In particular, the upper reflector 12, which used for both of the small projector type lamp device 10A with cutoff line and the small projector type lamp device 10B without cutoff line, includes a larger-diameter upper casing portion 15, the diameter of which is larger than that of the small concave mirror 7. The upper casing portion 15 is formed continuously with a front end portion (a left side in FIG.9) of the small concave mirror 7and includes an upper lens fixing portion 15a formed in a groove shape along an inner periphery in a front end of the upper casing portion 15. Further, the reflecting member is evaporated on an inner surface of the upper reflector 12.
As mentioned above, the lower reflectors 13A and 13B are structured such as to have the common constituting elements except the matter that the front end step portion 28 is formed or not formed, and is structured such as to be provided with the shade 4 and the lower casing portion 16. The shade 4 is formed so as to be provided in a standing manner in a rear end portion of the lower casing portion 16 with an inverted-L-shaped cross section, as shown in FIG. 9B, the upper bent edge portion 4a is formed along the meridional image surface, and the reflection surface 4b corresponding to an upper line portion thereof is formed so as to have a reflector function by evaporating the reflecting member to an inner surface. Also, a lower lens fixing portion 16a is formed in a groove shape in a front end of the lower casing portion 16 along an inner periphery thereof.
Further, the front end step portion 28 is formed in a front end portion of one side front end X of the reflection surface 4b so as to have an inclined surface 28a forming an ascending incline with respect to the other side front end Y, and a flat surface 28b continuously provided with a lower end of the inclined surface 28a, for example, as shown in FIGs. 12A and 12B. The front end step portion 28 is formed such that an angle  with respect to the flat surface 28b becomes, for example, about 135 degree, and the flat surface 28b is formed such that a depth t1 from the bent edge portion 4a of the other side front end Y becomes, for example, about 0.5 mm.

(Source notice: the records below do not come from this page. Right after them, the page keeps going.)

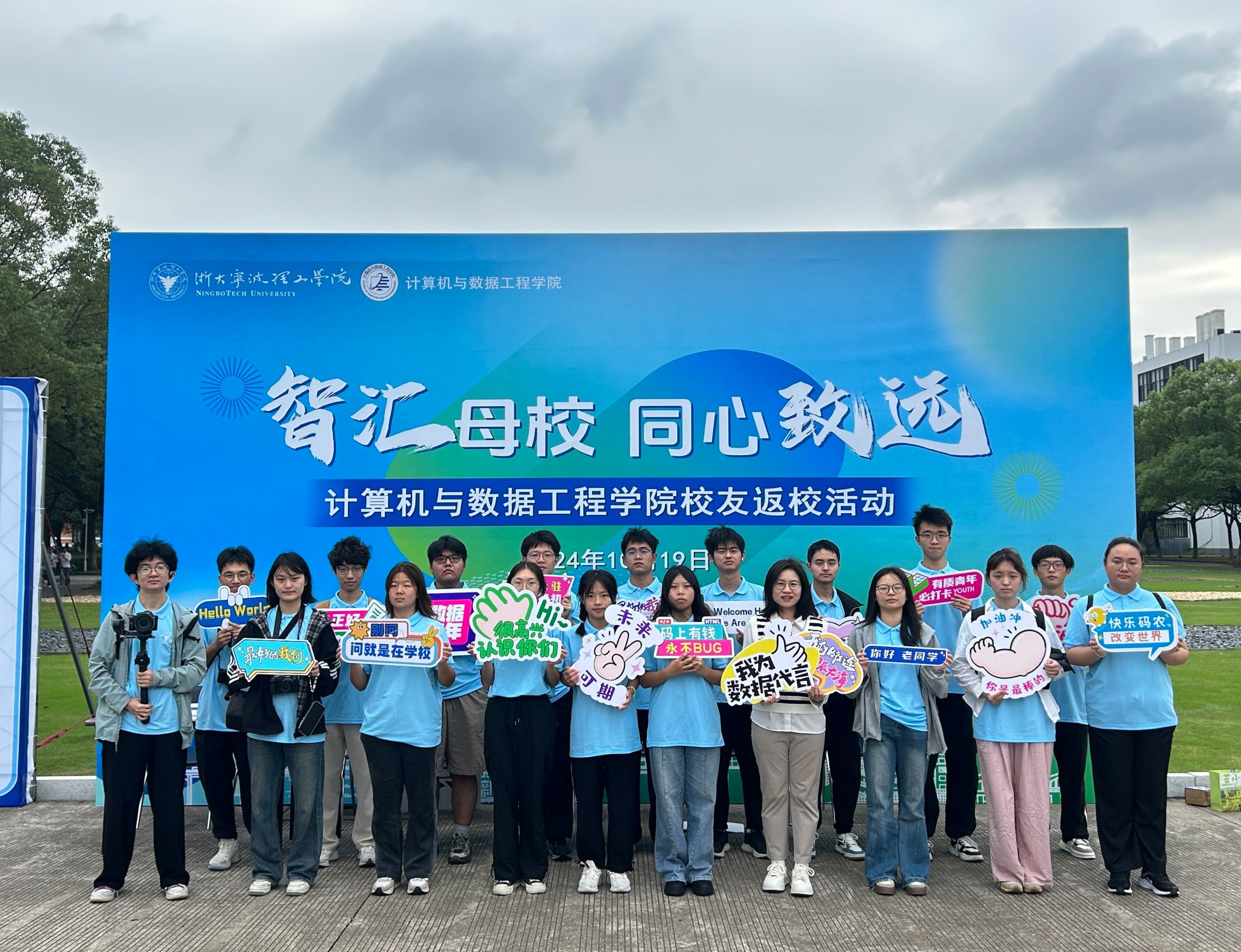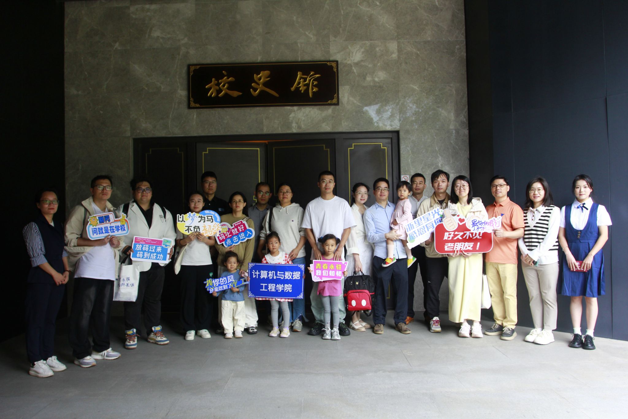活动最后,校友们在可珍讲堂前合影留念,共同见证了这次校友返校活动暨第三期数字论坛的圆满成功。此次活动不仅加深了校友们对母校的感情和归属感,也为他们提供了一个交流思想、分享智慧、共谋发展的宝贵平台。相信在未来的日子里,校友们将继续发扬求是精神,为母校的发展贡献自己的智慧和力量。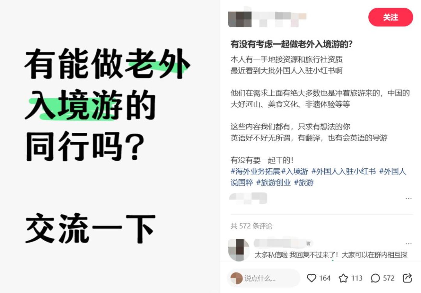 “趣解商业”观察到,市面上还出现了一些面向外国游客的入境游策划工作室,还有些网友在小红书上招募入境游策划的“创业搭子”。
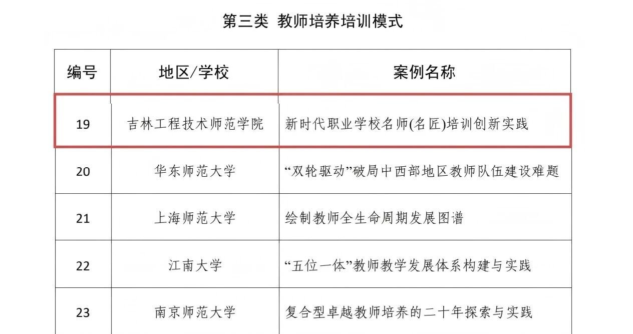 日前,在教育部教师工作司指导下,由中国教育报刊社牵头组织征集、编制的“新时代高水平教师队伍建设创新案例(2025)”正式发布,吉林省共有4所高校案例成功入选,我校位列其中。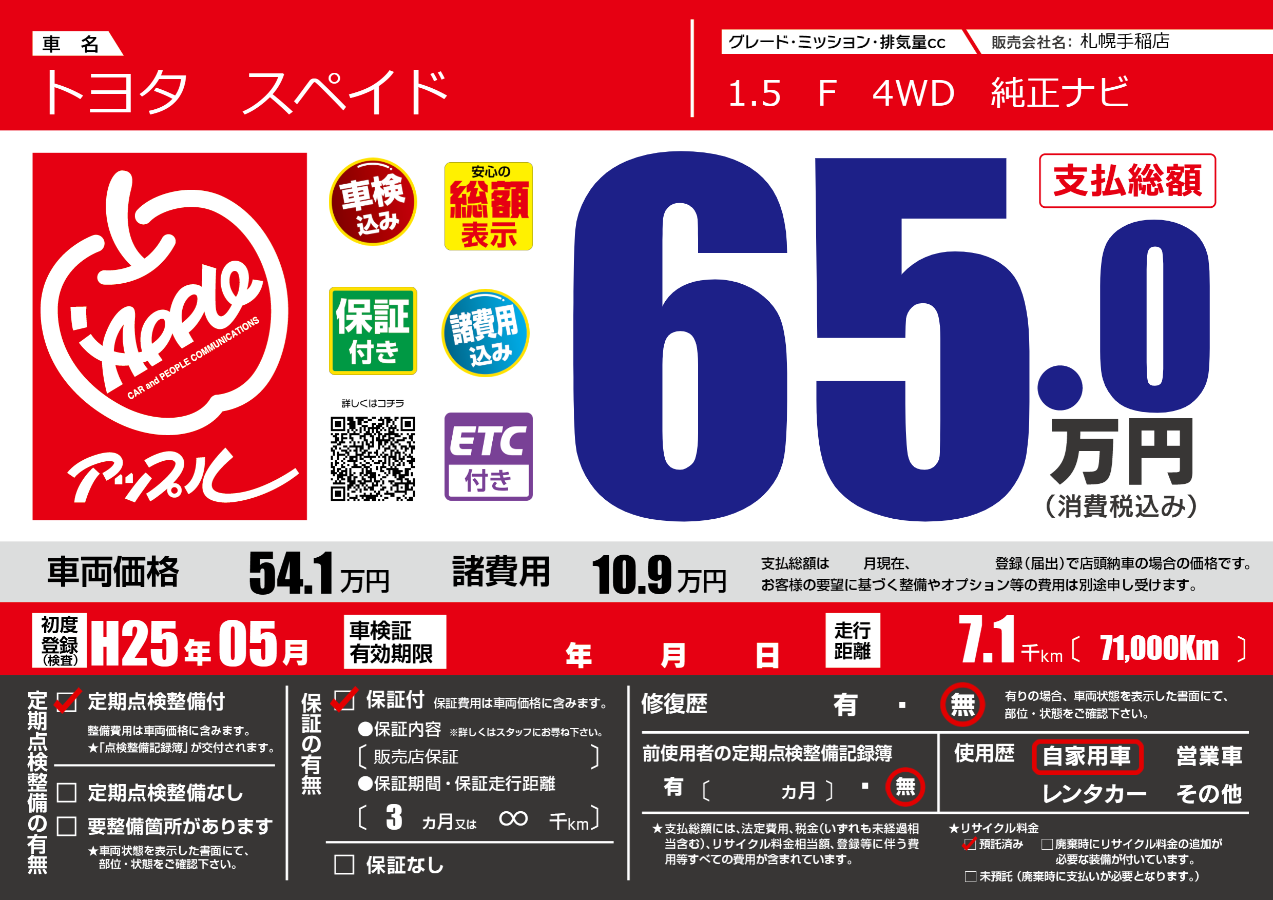 | 車名 | トヨタ スペイド | グレード ミッション 排気量 |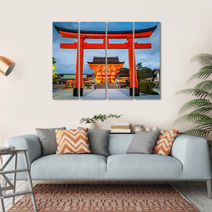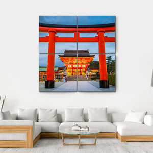 This canvas captures the serene beauty of the Fushimi Inari Taisha in Japan, featuring a striking Japanese torii gate against a dusk sky. The ornate temple architecture and glowing lanterns create a peaceful, spiritual atmosphere.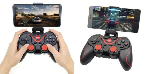 С помощью Bluetooth‑контроллера получится сделать из смартфона приставку для игр, например гонок или шутеров. Корпус гаджета эргономичен, механические кнопки быстро отзываются на нажатия. Комплектуется устройство специальным держателем для смартфона.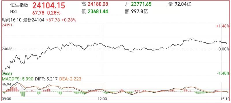 1.港股昨早先低开265点至23771点(此乃9月21日之低位)。其后在零碎沽压主导下再进一步跌至23681点方渐见喘定并作技术性后抽。今日港股低开高走,截至收盘,恒生指数(24104.15 67.78 0.28%)涨0.28%,报24104.15点,国企指数跌0.07%,红筹指数涨0.29%;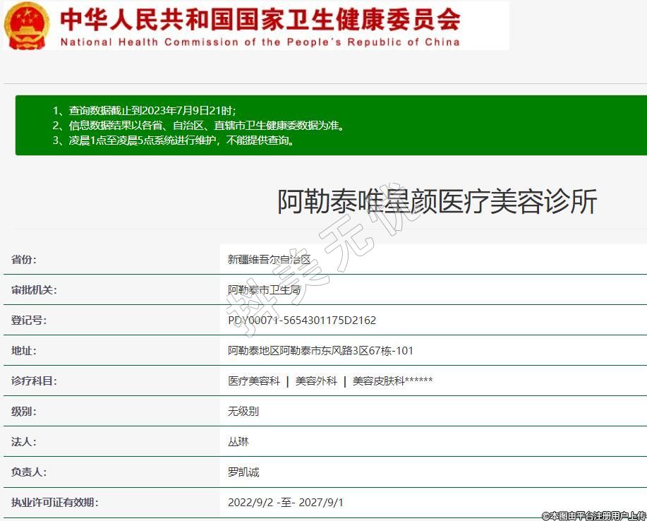 阿勒泰唯星顏醫(yī)療美容診所,診療科目:醫(yī)療美容科 | 美容外科 | 美容皮膚科******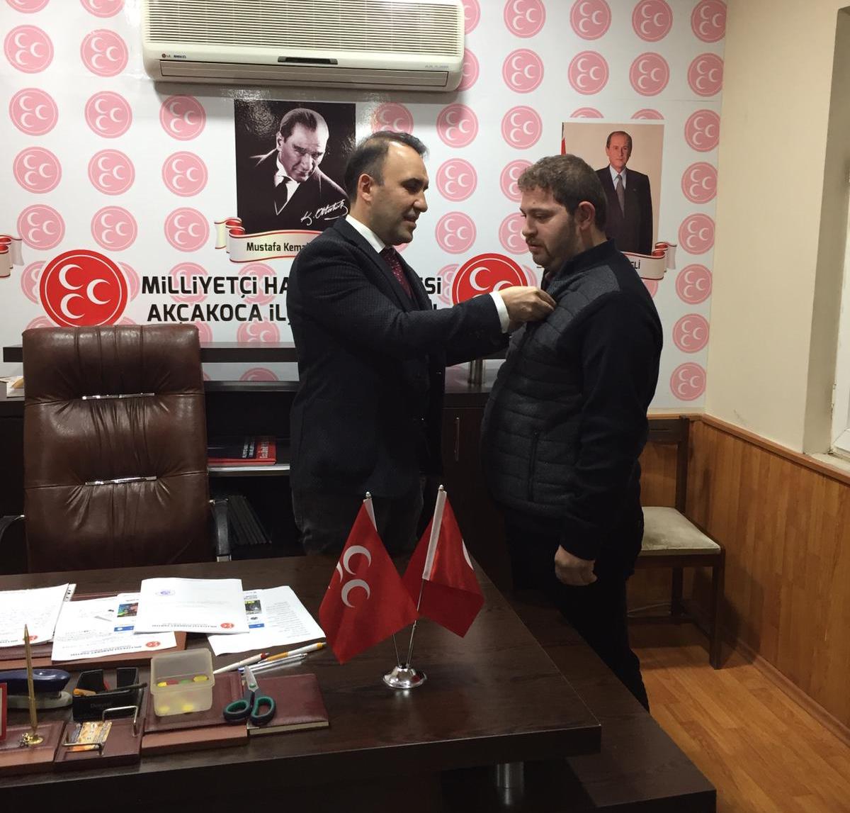 Yaklaşan yerel seçimler öncesinde çalışmaları ile Akçakoca’nın en hareketli partisi olarak dikkat çeken MHP’ye  yeni katılımlar  devam ediyor. Yeni katılan üyelere parti binasında törenle rozetleri takıldı.

The small reflector 14A (14B) is structured by bringing flange portions 12a and 13a respectively forming both reflectors 12 and 13A (13B) in the outer peripheral portions thereof into contact therewith so as to combine by coupling means (described below). Accordingly, the small reflector 14A (14B) is structured such that an approximately half portion in a front side is formed in a closed cross section by both the casing portions 15 and 16, an approximately half portion in a rear side is formed in an approximately semi-circular cross section only by the small concave mirror 7 of the upper reflector 12, and the bent edge portion 4a of the shade 4 integrally provided in the lower reflector 13A (13B) is positioned near the second focus F2 (refer to FIG. 9B) of the small concave mirror 7.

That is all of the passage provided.